The classifiers are numbered as follows: (1) random forest, achieving an AUC-ROC of 0.83 (95% CI: 0.77-0.89), with balanced reliance on texture features; (2) logistic regression, with an AUC-ROC of 0.79 (95% CI: 0.73-0.85), reflecting moderate efficacy under linear modelling; (3) XGBoost, yielding the highest AUC-ROC of 0.87 (95% CI: 0.82-0.92), driven by strong FLAIR-derived feature contributions (35.4% of selected features); (4) KNN, with an AUC-ROC of 0.76 (95% CI: 0.70-0.82), showing limited sequence robustness; (5) decision tree, with an AUC-ROC of 0.75 (95% CI: 0.69-0.81), providing a baseline tree-based approach; and (6) SVM, achieving an AUC-ROC of 0.84 (95% CI: 0.78-0.90).
Conclusions
While preliminary, these findings suggest the potential for clinical translation of a multi-sequence MRI-based radiomic approach combined with machine learning for classifying MS lesion activity. The XGBoost model achieved robust performance (AUC-ROC: 0.87, 95% CI: 0.82-0.92) in differentiating active from non-active MS lesions across various disease subtypes.

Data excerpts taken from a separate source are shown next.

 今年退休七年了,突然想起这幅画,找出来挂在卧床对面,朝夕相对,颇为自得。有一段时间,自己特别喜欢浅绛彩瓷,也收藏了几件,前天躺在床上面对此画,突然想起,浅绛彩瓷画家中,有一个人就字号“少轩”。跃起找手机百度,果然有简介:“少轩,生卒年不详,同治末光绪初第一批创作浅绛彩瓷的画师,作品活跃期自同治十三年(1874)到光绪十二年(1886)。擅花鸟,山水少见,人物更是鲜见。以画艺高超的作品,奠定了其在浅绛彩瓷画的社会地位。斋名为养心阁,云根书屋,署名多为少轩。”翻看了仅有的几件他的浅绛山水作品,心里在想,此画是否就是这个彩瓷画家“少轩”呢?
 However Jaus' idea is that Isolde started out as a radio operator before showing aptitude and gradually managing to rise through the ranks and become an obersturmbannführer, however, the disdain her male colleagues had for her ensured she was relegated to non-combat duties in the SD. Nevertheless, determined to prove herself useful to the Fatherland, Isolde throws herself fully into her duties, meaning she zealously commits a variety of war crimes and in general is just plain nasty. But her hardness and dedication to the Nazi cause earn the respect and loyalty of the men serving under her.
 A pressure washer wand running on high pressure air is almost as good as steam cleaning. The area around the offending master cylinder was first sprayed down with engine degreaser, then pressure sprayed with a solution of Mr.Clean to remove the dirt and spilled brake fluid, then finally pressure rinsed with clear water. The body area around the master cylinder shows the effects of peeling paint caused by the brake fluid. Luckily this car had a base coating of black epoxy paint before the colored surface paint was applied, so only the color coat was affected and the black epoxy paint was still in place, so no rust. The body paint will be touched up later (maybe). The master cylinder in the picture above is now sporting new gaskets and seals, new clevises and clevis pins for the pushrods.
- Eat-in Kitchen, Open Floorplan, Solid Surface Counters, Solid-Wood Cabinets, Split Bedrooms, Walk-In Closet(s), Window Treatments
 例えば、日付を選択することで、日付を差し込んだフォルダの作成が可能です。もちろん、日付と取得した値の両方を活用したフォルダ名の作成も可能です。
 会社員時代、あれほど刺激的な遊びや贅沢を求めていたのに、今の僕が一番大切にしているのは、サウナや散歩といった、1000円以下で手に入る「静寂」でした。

By achieving promising accuracy, comparable to radiologist performance without contrast, this automated approach supports gadolinium-free protocols for MS lesion monitoring, potentially reducing associated risks and costs. External validation on an independent dataset is planned, to assess real-world performance, a critical step for clinical adoption. Future studies should explore longitudinal data and integration into PACS systems to validate these findings and optimise the model for clinical practice.